2.2.6 Ubiquitous Language
The common language is a unified language that can describe business rules and business meanings simply, clearly, and accurately. The value of a common language:
- Solve communication barriers in all positions to ensure the correct expression of business requirements.
- Without a common language, because the business, product, development, and test roles and terms are different, you often run into battle for a long time and end up saying the same thing.
- Without a common language, production, development, and testing often fail to agree, resulting in different content and business needs.
- Common language throughout the design process, can accurately translate business requirements into code.
- Nouns in a common language can generally name domain objects. For example, orders, goods can correspond to an entity in the domain.
- A verb in a common language usually corresponds to an action or domain event. For example: Order paid, order shipped each corresponds to a domain event.
2.3 Context Map
Context Map describes the overall view of the relationships between systems, including the following relationships:
2.3.1 Shared Kernel
In the e-mall scene, the process of purchasing different types of goods will also be very different. For example, the process of buying and selling physical goods is generally: the buyer pays, the seller delivers goods, and the buyer confirms receipt of goods; The process of buying and selling hotel rooms is generally: buyers pay, sellers reserve rooms, buyers enter, buyers check out statement; The process of buying and selling tourist routes is generally: buyer’s payment, seller’s confirmation and service performance.
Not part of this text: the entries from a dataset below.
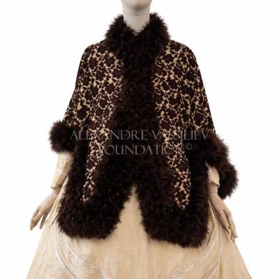 Ivory wool canezou cape with brown carnation print, edged with brown marabou feathers.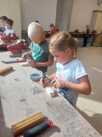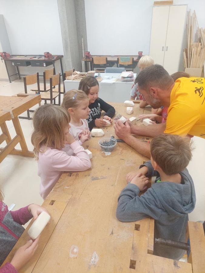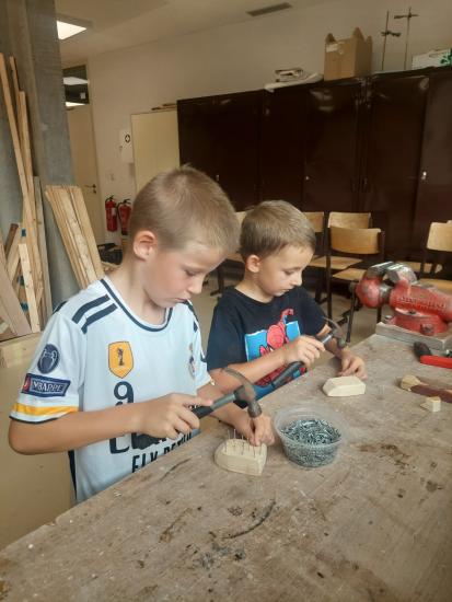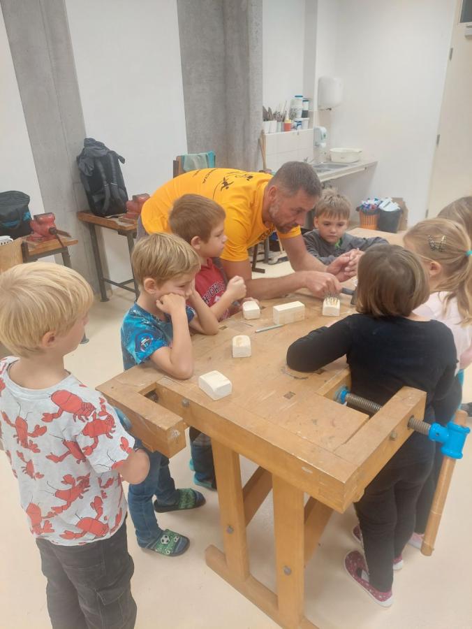 S velkým nadšením si pak každý malý řemeslník vytvořil svého vlastního dřevěného ježečka. Děti si vyzkoušely práci se dřevem, hřebíky i kladívkem, a navíc si odnesly krásný výrobek, na který mohou být právem pyšné.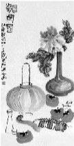 以上所提雅物相互组合再出现,实际又有了叠加的寓意,例如柏枝、柿子和如意构成了“百事如意”,花瓶中插三支戟象征着“平升三级”,爆竹、瓶子与鹌鹑则表示“竹报平安”等等。而将这些蕴含深意的雅物引入画中,不仅昭示了明清时期“岁朝图”的倾向,也使得“岁朝清供图”拥有了雅俗共赏的审美趣味。

Although these business scenarios and transaction processes are quite different, they can reuse the core transaction process together, as shown in the figure below:
Can I not use a shared kernel? Or what are the architectural benefits of sharing a kernel?
- Reuse. The same set of abstract transaction processes can be used to support different scenarios, which can greatly save development costs.
- Extension. If there is no reuse process and each business scenario is developed separately, then if promotions, coupons, packages, etc., are to be supported over a period of time, they need to be developed separately in each business line.
- Maintenance. If a problem is identified in one set of processes that requires iterative optimization, it is likely that the other two will need to be adjusted as well.
In fact, there are many benefits, specific can refer to the advantages of the platform architecture, here is not discussed one by one. The above example is not a pure thought experiment of YY. In my previous work experience, A company engaged in tourism underwent online transformation and encountered the above scenarios at the same time.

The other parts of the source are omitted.